Today was one of the capstone projects. The task was to create the bot in python that will atomatically, record information for each rental listings into separate google forms. To do this task we are gonna use obviously Python, Selenium, Beautiful Soup Oh, and aslo we will need the time module. Well... from the beginning I didnt know I would use it but i used it to slow down aprocess and see the process much clearer on some steps cause I was having some issues and to catch it I had to use the time module. Again, I am a beginner and this is how I did it: So here we go: We will import all the libraries that we will need:
import time
import requests
from selenium import webdriver
from selenium.webdriver.common.by import By
from bs4 import BeautifulSoup
Next I connect to the Zillow Rental Listings. And to do that I will need to identify my user agent and language inside of the headers. So, I use Chrome in English language, so:
user_agent = "Mozilla/5.0 (Windows NT 10.0; Win64; x64) AppleWebKit/537.36 (KHTML, like Gecko) Chrome/103.0.0.0 Safari/537.36"
language = "en,en-US;q=0.9"
endpoint = "https://www.zillow.com/homes/for_rent/1-_beds/?searchQueryState=%7B%22pagination%22%3A%7B%7D%2C%22usersSearchTerm%22%3Anull%2C%22mapBounds%22%3A%7B%22west%22%3A-122.56276167822266%2C%22east%22%3A-122.30389632177734%2C%22south%22%3A37.69261345230467%2C%22north%22%3A37.857877098316834%7D%2C%22isMapVisible%22%3Atrue%2C%22filterState%22%3A%7B%22fr%22%3A%7B%22value%22%3Atrue%7D%2C%22fsba%22%3A%7B%22value%22%3Afalse%7D%2C%22fsbo%22%3A%7B%22value%22%3Afalse%7D%2C%22nc%22%3A%7B%22value%22%3Afalse%7D%2C%22cmsn%22%3A%7B%22value%22%3Afalse%7D%2C%22auc%22%3A%7B%22value%22%3Afalse%7D%2C%22fore%22%3A%7B%22value%22%3Afalse%7D%2C%22pmf%22%3A%7B%22value%22%3Afalse%7D%2C%22pf%22%3A%7B%22value%22%3Afalse%7D%2C%22mp%22%3A%7B%22max%22%3A3000%7D%2C%22price%22%3A%7B%22max%22%3A872627%7D%2C%22beds%22%3A%7B%22min%22%3A1%7D%7D%2C%22isListVisible%22%3Atrue%2C%22mapZoom%22%3A12%7D"
headers = {
"User-Agent": user_agent,
"Accept-Language": language
}
response = requests.get(endpoint, headers=headers)
rental_page = response.text
So, after that we will create the soup object to start scraping the web:
soup = BeautifulSoup(rental_page, "html.parser")

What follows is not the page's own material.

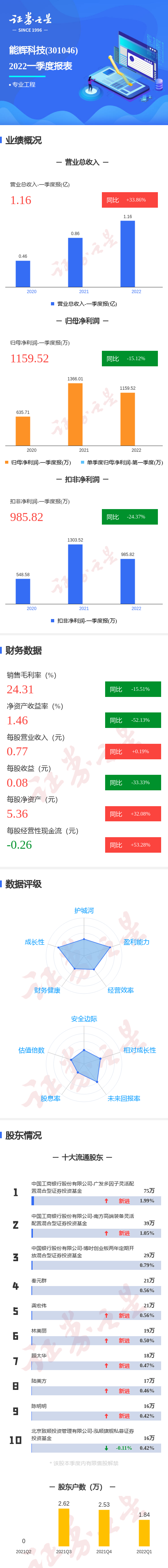 摘要:能辉科技2022一季报显示,公司主营收入1.16亿元,同比上升33.86%;归母净利润1159.52万元,同比下降15.12%;扣非净利润985.83万元,同比下降24.37%;其中2022年第一季度,公司单季度主营收入1.16亿元,同比上升33.86%;单季度归母净利润1159.52万元,同比下降15.12%;单季度扣非净利润985.

We will need address, price and link for each listing
We will get a hold of each item and in this case each listing is inside of an article
tag, so lets find all of them
articles = soup.find_all("article")
Later, I will have the for loop so while we are at the top section of the document, I will place here the connection to a google form
chrome_driver_path = "C:/Development/chromedriver.exe"
driver = webdriver.Chrome(executable_path=chrome_driver_path)
driver.get("https://forms.gle/R18qdRntB3J9jhbR6")
Also, here I will define my inputs. Later I will define them again cause as I learned after the refresh of the page you need to repoint to same elements.
what_address = driver.find_element(By.XPATH,
'//*[@id="mG61Hd"]/div[2]/div/div[2]/div[1]/div/div/div[2]/div/div[1]/div/div[1]/input')
what_price = driver.find_element(By.XPATH,
'//*[@id="mG61Hd"]/div[2]/div/div[2]/div[2]/div/div/div[2]/div/div[1]/div/div[1]/input')
what_link = driver.find_element(By.XPATH,
'//*[@id="mG61Hd"]/div[2]/div/div[2]/div[3]/div/div/div[2]/div/div[1]/div/div[1]/input')
Now, I will use the for loop to iterate through the list of articles (aka listings) and find link, adress and price
for article in articles:
link = article.find(class_="property-card-link").get("href")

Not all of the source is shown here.